On Mon, 2018-08-20 at 18:13 -0400, Sinan Kaya wrote: > > I proposed this as one of the possible solutions but presence detect is > optional Is it optional on hotplug capable bridges ? I thought it wasn't ... > and also presence detect interrupt can be delivered after We don't care about the interrupt, we just need to look at the value of the change latch. > link layer interrupt as well. No guarantees with respect to the order of > link layer interrupt and presence detect interrupts delivery. > > I instead look at fatal error pending bit in device status register to > decide if the link down was initiated due to a pending fatal error or > somebody actually removed the card. > > If fatal error is pending, wait until it is cleared. If link is healthy, > return gracefully. > > Otherwise, proceed with the hotplug removal. That could work too but it would be safer to also use the change in presence detect if available. Cheers, Ben.
On Mon, 2018-08-20 at 16:13 -0600, Keith Busch wrote: > > There might be some potential here. > > There actualy is a Slot Status Presence Detect State (PDS), but it isn't > latched. The link and presence change (PDC) are latched. > > A potential problem may be a PDC event handling observes PDS set to the > last known state if the remove + add happens fast enough, and then no > action is taken in the current implementation. > > The DPC capability learned from such issues, and they will latch the > status until acknowledged so those sorts of races are not possible. > > But anyway, maybe we can change pciehp to ignore PDS and always > re-enumerate when PDC is observed, and that may very well simplify a lot > of this. That sounds reasonable to me. Cheers, Ben.

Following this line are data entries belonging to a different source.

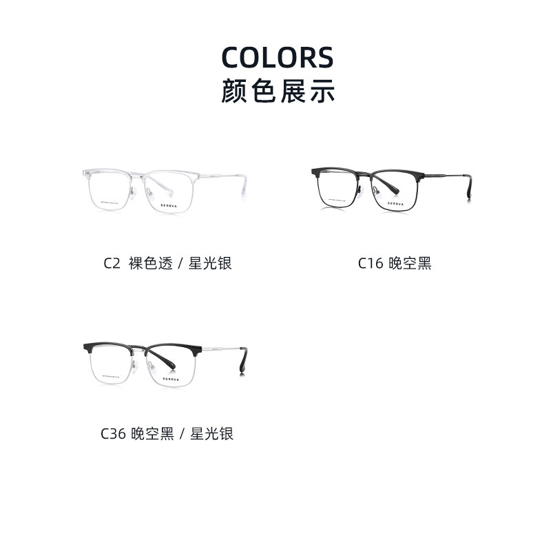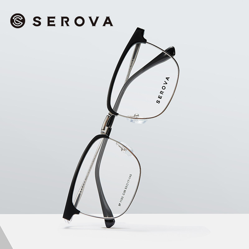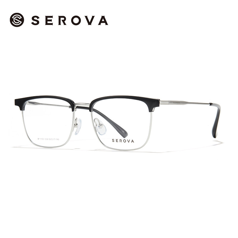 施洛华眼镜框商务半眉毛框眼镜架男可选配防蓝光镜片宝岛SP1153
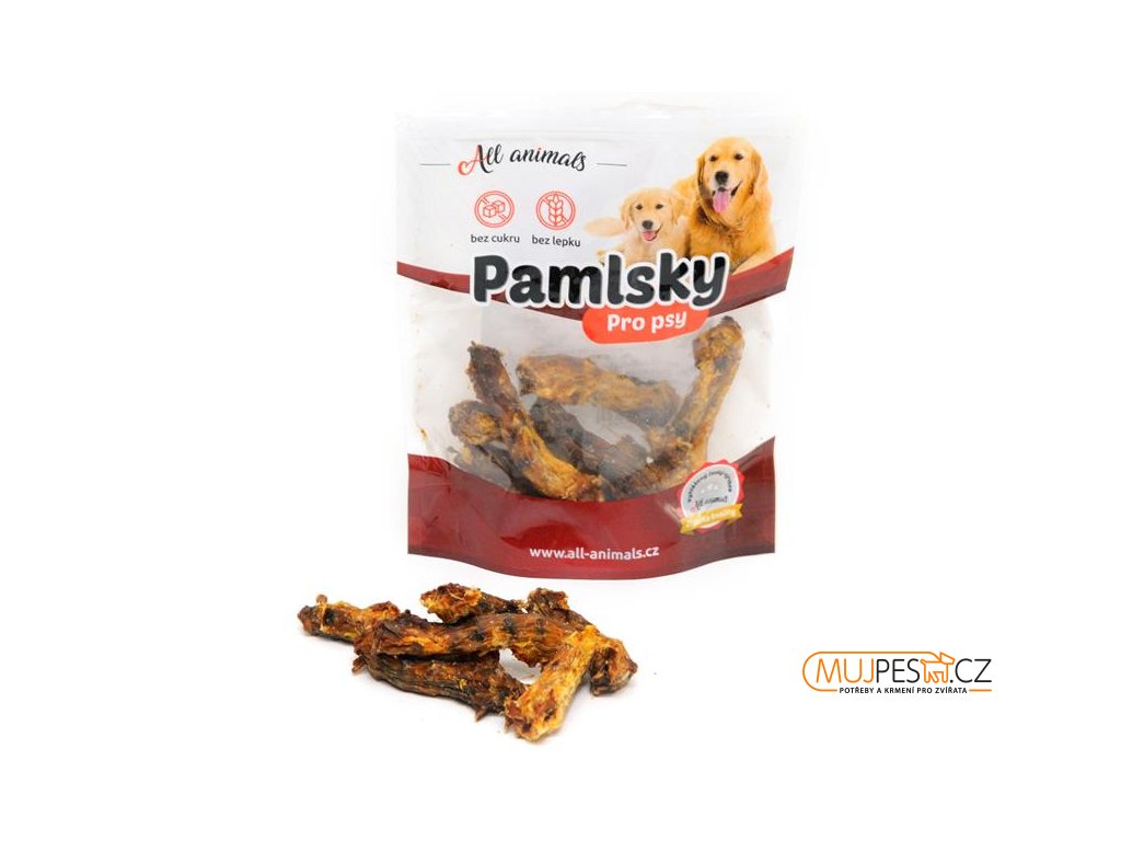 Chutná odměna při výcviku, ale i plnohodnotná krmná dávka. Vynikající masová pochoutka, kterou můžete vzít na cesty jako plnohodnotnou náhradu za čerstvé maso (kosti). Krky jsou zbaveny kůže, aby se snížil obsah tuku. Čistí zuby od zubního plaku a kamene a posiluje žvýkací svaly. Vhodné pro malá, střední a velká plemena, štěňata větších plemen. Nevhodné pro jedince se zažívacími potížemi. Vyrobeno sušením, bez konzervačních látek.
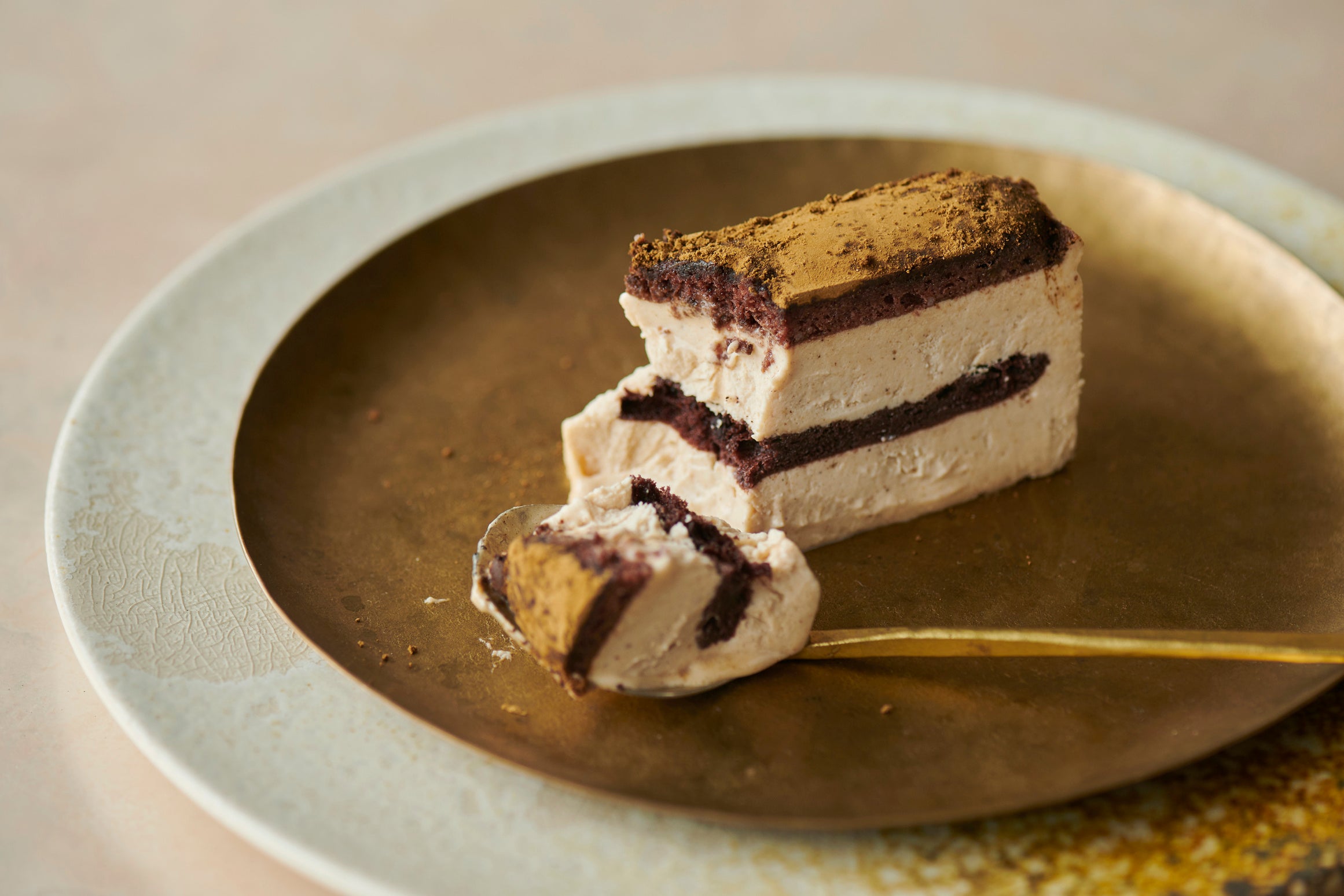 イタリアンメレンゲを使用しているリッチティラミスは、チーズケーキよりも軽やかで淡い口溶けなので、より香りを感じやすくなっています。そのため、シナモンの甘さやカルダモンの爽やかさ、クローブの香ばしさがバランス良く組み合わさって生み出される、重層的な味わいと心地よく続く香りの余韻を、より印象的に楽しんでいただけると思います。
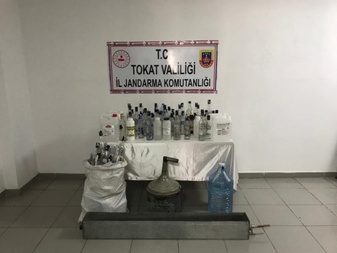 Adreste arama yapan ekipler, 45 litre kaçak alkollü içki, 20 litre etil alkol, 2 litre anason ve alkol damıtılmasında kullanılan düzenek buldu.
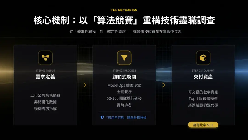 那么,如何验证这些技术资产的价值?我们的核心机制是算法竞赛。传统技术尽调依赖专家主观判断,而现在我们通过竞赛实施尽调,从“概率性寻找”转向“确定性验证”。让众多团队在公平环境中同台竞技,以代码和结果为导向,使最优质的技术资产在实战中脱颖而出。
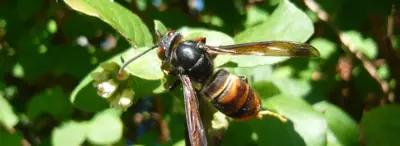 Le frelon asiatique, prédateur de nos abeilles, se différencie de son cousin européen par sa taille plus petite, ses pattes jaunes et ses couleurs plus foncées.
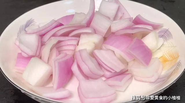 4.洋葱切成小方块,用手掰散开,放入盘中备用。

On Tue, Aug 21, 2018 at 08:19:52AM +1000, Benjamin Herrenschmidt wrote: > On Mon, 2018-08-20 at 16:13 -0600, Keith Busch wrote: > > But anyway, maybe we can change pciehp to ignore PDS and always > > re-enumerate when PDC is observed, and that may very well simplify a lot > > of this. > > That sounds reasonable to me. It seems 4.19 is way ahead of me! The latest pciehp driver looks really good. This'll be more straight forward to separate errors from enumeration than I thought, and Sinan's patch earlier is probably just fine in that direction. Will look again tomorrow.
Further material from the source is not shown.